# Code for basement ceiling height



## Termite (Apr 13, 2008)

Seven feet is the magic number in the International Residential Code, and it is measured from finished floor to finished ceiling. 

You should be able to apply for a variance (code modification request) and receive it if you can demonstrate that you're applying the sheetrock to the underside of the floor joists and are not furring the whole thing down unnecessarily. The jurisdiction's building official would be out of line to ask for more than that on an existing house. He has to be able to show that the ceiling was applied as high as is reasonably possible. If your house were still being built, that would change things a little, but there should be some wiggle room. 

If for some reason you can't get the variance approved, your city or county is required to have an appeals process. This is usually a board of code review. 

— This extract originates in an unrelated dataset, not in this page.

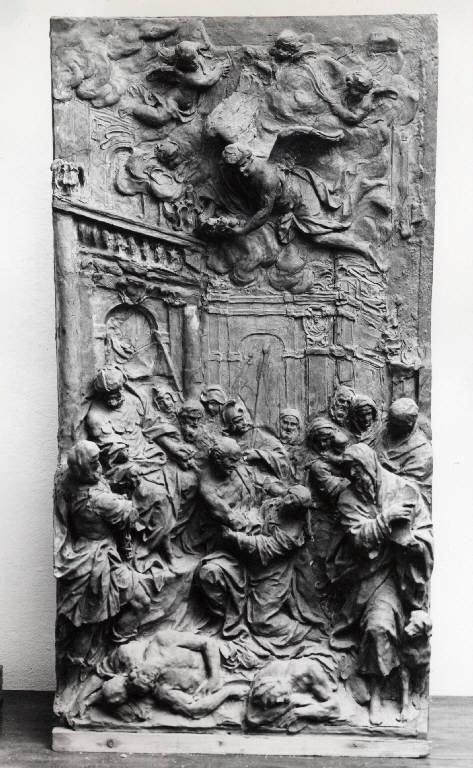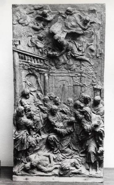 - NOTIZIE STORICO CRITICHE Bozzetto per la pale marmaroea dell'altare di S. Agnese. Le caratteristiche stilistiche sono riferibili a modelli ancora attardati e non il linea con la produzione scultoriea a tutto tondo dell'autore.

As a city inspector, I'd be shocked if this weren't approved by the building official.


----------



## Termite (Apr 13, 2008)

If it took a week for a resident's call to my office to be returned, I would be standing tall in front of the mayor and the city council explaining myself. That is shameful!


----------



## RDS (Feb 29, 2008)

*Thanks*

One way or another I will have to speak with them, but it's good to have a general 'lay of the land' going in, so thanks.

I wish my town building office had standards of efficient service as high as yours, but such has not been my experience so far, unfortunately!


----------